**What you will do:** Stop after the line with "Squitos zijn mugwerende". Up to that point, output every line of the listing below exactly from the first one onward, skipping pictures.

**Data below:**
============================================================

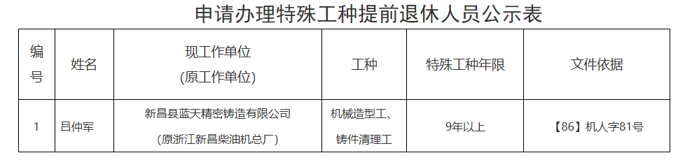 关于特殊工种提前退休审批名单的公示 经单位申报,我局已受理吕仲军特殊工种提前退休申请,现予以公示,公示期间(12月4日至12月10日)如有异议,请在公示期限内向新昌县人力资源和社会保障局反映,联系电话:057 ...
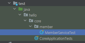 member 패키지 내 MemberServiceTest 클래스를 만들고, 간단한 회원가입 join 테스트 케이스를 작성해보자.
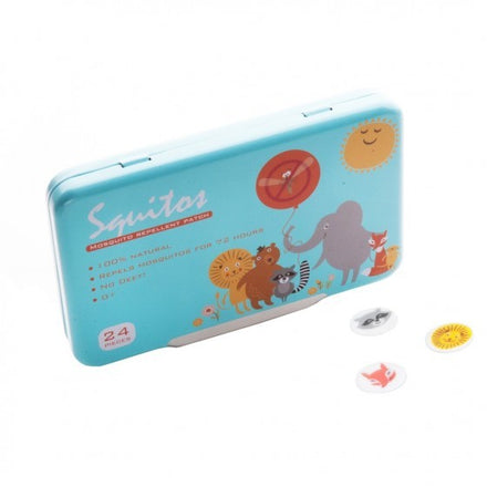 Squitos zijn mugwerende stickers voor kinderen en volwassenen. De stickers bevatten de etherische olie van citronella en Eucalyptus.
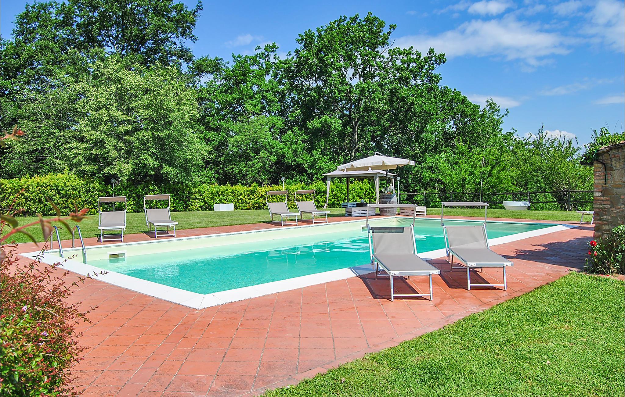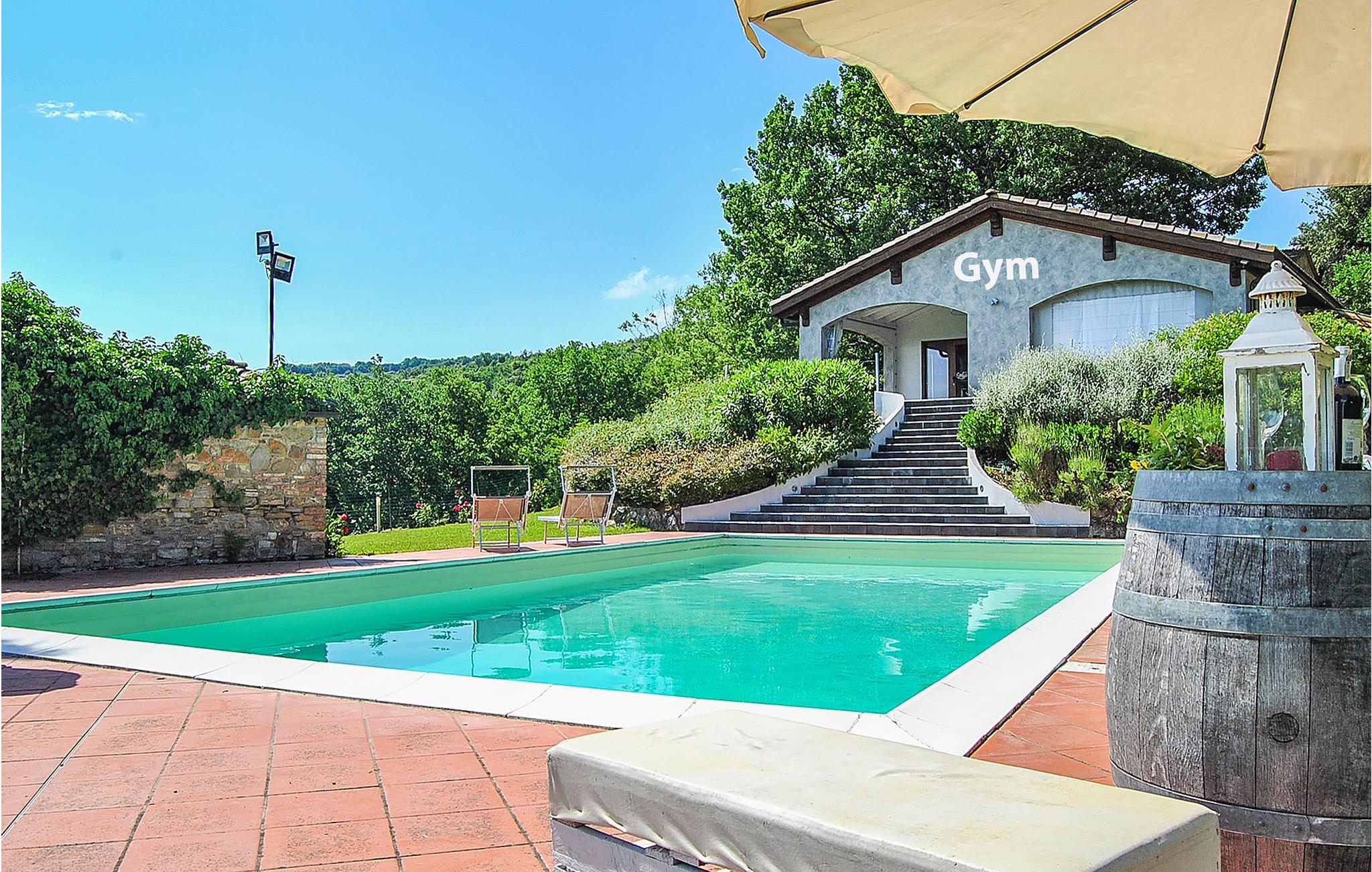 Feriehus med pool, fitnesscenter og stor have i nærheden af Montaione i en panoramisk position. Ejendommen er helt indhegnet og dækker ca. 1000 m², dels med græsplæne og dels med skov. Der er et hovedhus, et udhus med udstyret gymnastiksal, en swimmingpool, et legeområde for børn og et underholdningsområde. Ejendommen har også en lille sø til sportsfiskeri. Montaione er beliggende i en dominerende og central position, ideel til at nå Volterra, San Gimignano, Firenze, Siena eller havet. Den etruskiske kyst kan nås på cirka en times kørsel. Huset tilbyder masser af plads til at arrangere en ferie med familien eller med en gruppe venner. Den sidste del af adgangsvejen er ikke asfalteret (800 m).

============================================================

**Solution to the problem:**
 关于特殊工种提前退休审批名单的公示 经单位申报,我局已受理吕仲军特殊工种提前退休申请,现予以公示,公示期间(12月4日至12月10日)如有异议,请在公示期限内向新昌县人力资源和社会保障局反映,联系电话:057 ...
 member 패키지 내 MemberServiceTest 클래스를 만들고, 간단한 회원가입 join 테스트 케이스를 작성해보자.
 Squitos zijn mugwerende stickers voor kinderen en volwassenen. De stickers bevatten de etherische olie van citronella en Eucalyptus.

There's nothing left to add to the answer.